The US Food and Drug Administration’s (FDA’s) recent approval of the amivantamab-vmjw (Rybrevant) in combination with carboplatin and pemetrexed marks a significant advancement in the treatment of locally advanced or metastatic non-small cell lung cancer (NSCLC) with specific genetic mutations. This approval, grounded in the results of the phase 3 PAPILLON clinical trial, showcases the efficacy of this new regimen in improving progression-free survival for patients with EGFR exon 20 insertion mutations, setting a new standard of care in this domain.

Key Points:

• The FDA has approved amivantamab-vmjw (Rybrevant) combined with carboplatin and pemetrexed for first-line treatment of locally advanced or metastatic NSCLC with EGFR exon 20 insertion mutations.

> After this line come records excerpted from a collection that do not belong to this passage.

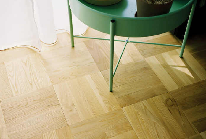 シンプルで美しい市松貼りのミニパーケット。無垢のオークの風合いを活かすオイル仕上げ。
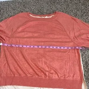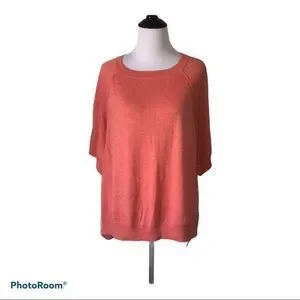 Keywords: Anthropologie, sweater, knit, top, shirt, coral, salmon, pink, cream, off-white, ivory, colorblock, raglan, boat neck, short sleeve, relaxed fit, boxy, spring, summer, fall, chic, modern, casual, preppy.
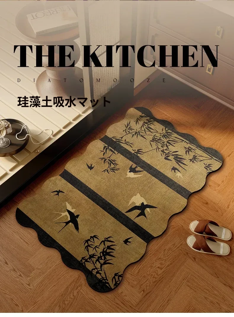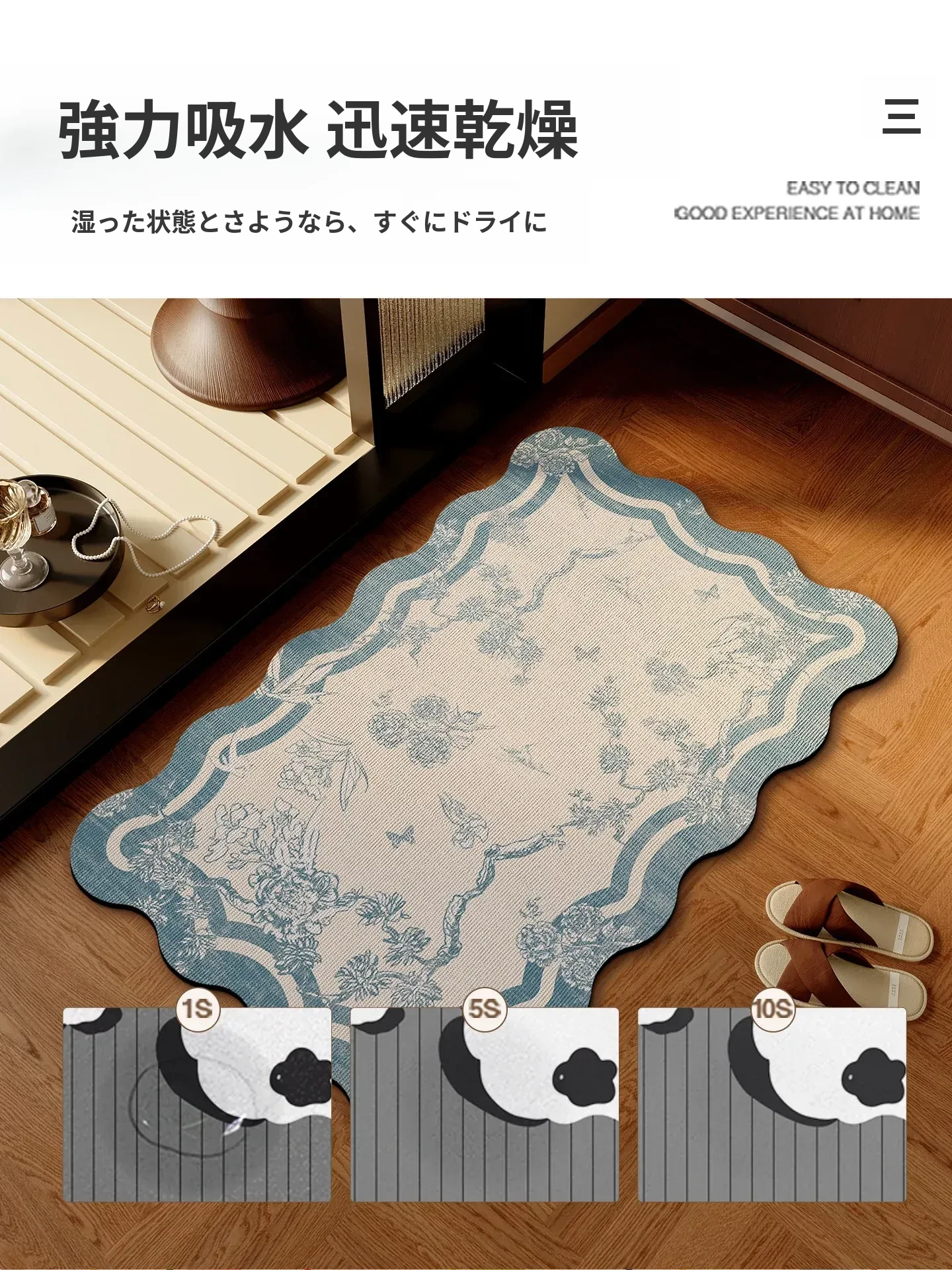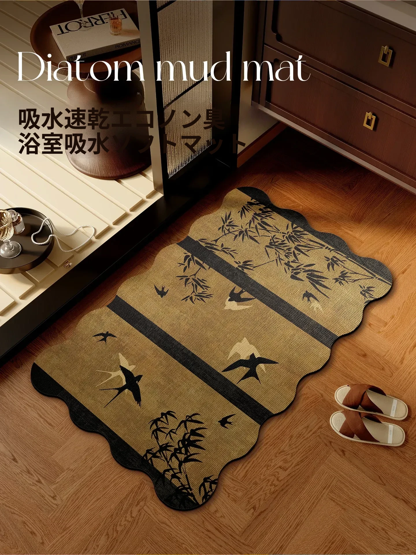 新中式デザインの防滑速乾バスルームマット - トイレの入り口にぴったり!湿気を気にせず、スタイリッシュで安全な空間を実現。おしゃれな乾湿分離カーペットで、快適なバスタイムをお楽しみください!

• Full approval was granted following accelerated approval in 2021, based on significant improvement in progression-free survival (PFS) demonstrated in the phase 3 PAPILLON trial.
• The PAPILLON study was a randomized, multicenter trial involving 308 patients, comparing the amivantamab combination with carboplatin and pemetrexed alone.

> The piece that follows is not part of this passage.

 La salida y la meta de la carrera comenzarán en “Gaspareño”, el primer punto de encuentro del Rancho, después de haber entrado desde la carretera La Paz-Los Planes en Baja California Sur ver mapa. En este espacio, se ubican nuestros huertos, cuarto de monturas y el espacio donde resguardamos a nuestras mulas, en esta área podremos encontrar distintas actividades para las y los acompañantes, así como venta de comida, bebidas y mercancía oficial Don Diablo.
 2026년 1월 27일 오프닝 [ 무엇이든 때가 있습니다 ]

• Primary efficacy was measured by PFS, with a secondary endpoint of overall survival (OS). The median PFS for the amivantamab group was 11.4 months versus 6.7 months for the control group.
• Although OS data are not yet mature, there is no current trend indicating a detriment.
• The combination treatment was acknowledged at the ESMO Annual Congress as a new standard of care for this patient population.
• However, 42% of patients in the treatment group experienced dose interruptions, and 15% discontinued due to adverse reactions, indicating a need for careful side effect management.
• Common adverse reactions included rash, nail toxicity, stomatitis, and infusion-related reactions, among others, with specific dosage recommendations based on body weight provided in the prescribing information.

“This is not a completely easy drug, and [we] have to aggressively manage these side effects.”
– Dr. Benjamin Besse, highlighting the importance of managing adverse reactions in the new treatment regimen.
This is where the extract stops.